SwinTransTrack: Multi-object Tracking Using Shifted Window Transformers
Tianci Zhao,Changwen Zheng,Qingmeng Zhu,Hao He
TLDR
This work proposes SwinTransTrack, a novel shift-window encoder and decoder model based on Swin Transformer, which fuse low-rank adaptation to achieve feature dimension enhancement and propose a new shifted-window decoder network to obtain accurate displacement to associate trajectories.
Abstract
With the great popularity of Transformers, there has been many works using Transformers to explore the temporal association properties of objects between different video frames. However, due to the large-scale variation of visual entities and the high resolution of pixels in images, the original Transformers take so long time for both training and inference. Based on Swin Transformer, we propose SwinTransTrack, a novel shift-window encoder and decoder model.
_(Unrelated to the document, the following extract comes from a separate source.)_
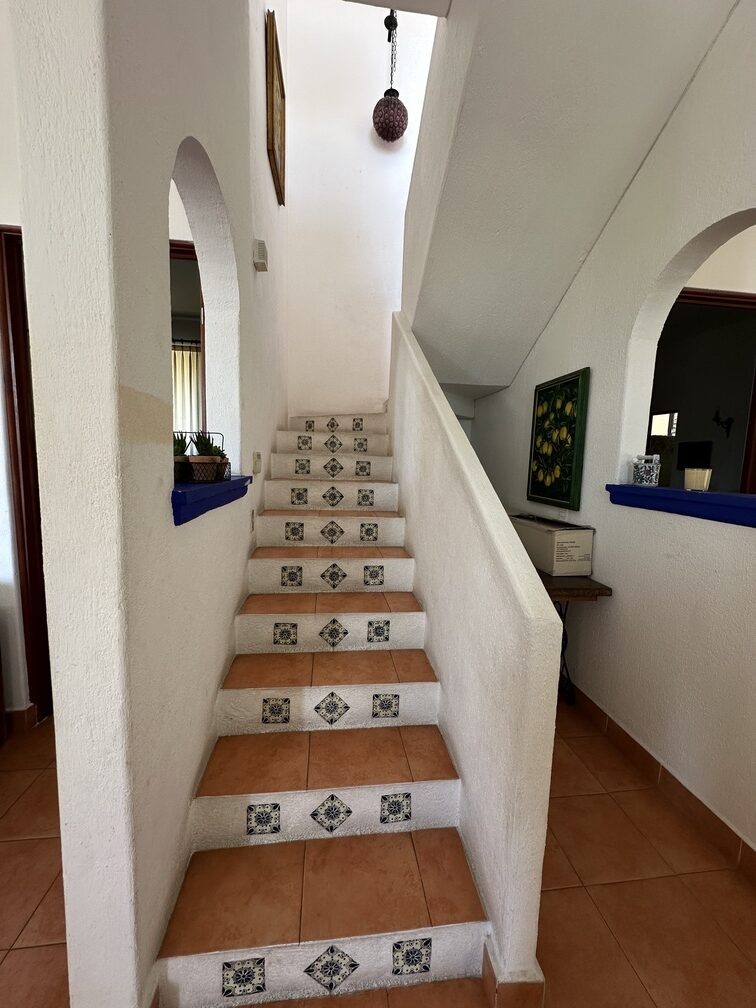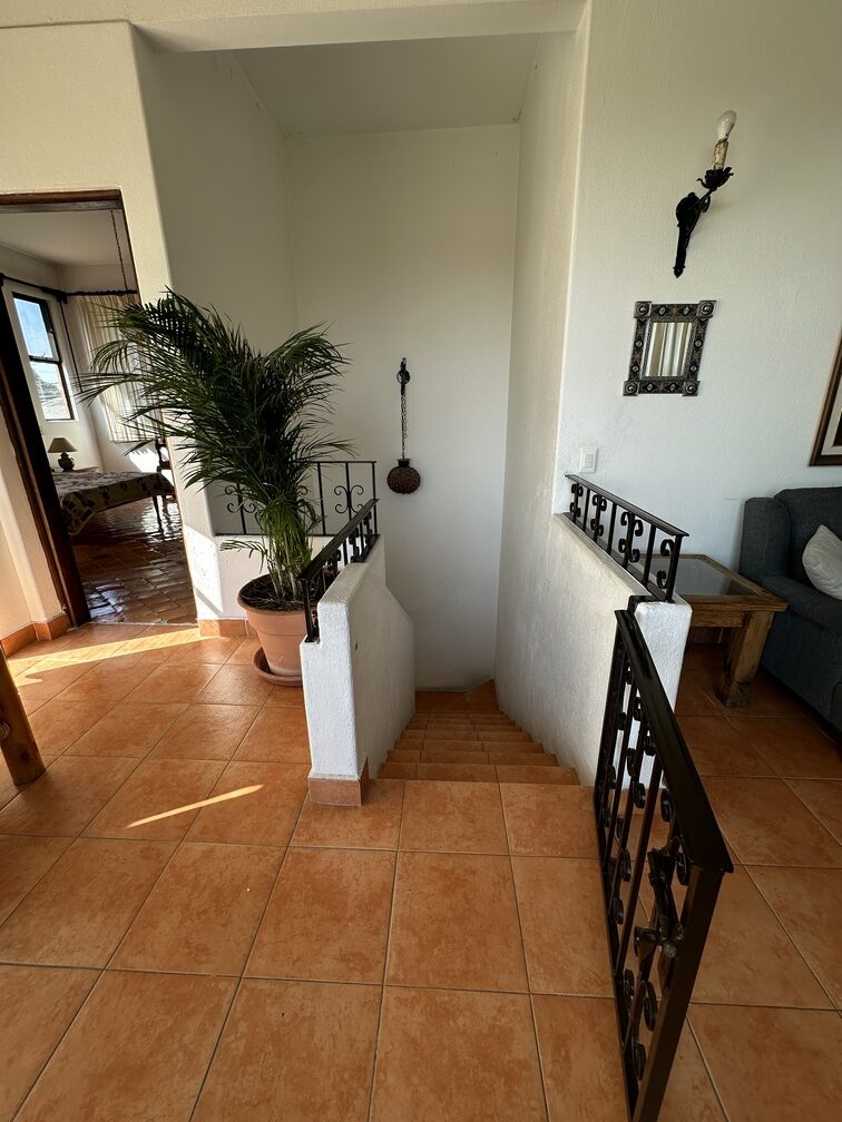 Planta alta : Tres grandes recámaras, tres baños completos. Los techos altos permiten una excelente temperatura en interior, cuenta con muy buena ventilación natural. Cómoda sala de tv con ventanales hacia jardines y alberca.

Different from the original model, we fuse low-rank adaptation to achieve feature dimension enhancement and propose a new shifted-window decoder network to obtain accurate displacement to associate trajectories. Finally, We conducted extensive quantitative experiments on different MOT datasets, MOT17 and MOT20. The experimental results show that SwinTransTrack achieves 75.5 MOTA on MOT17 and 67.5 MOTA on MOT20, leading both MOT competitions.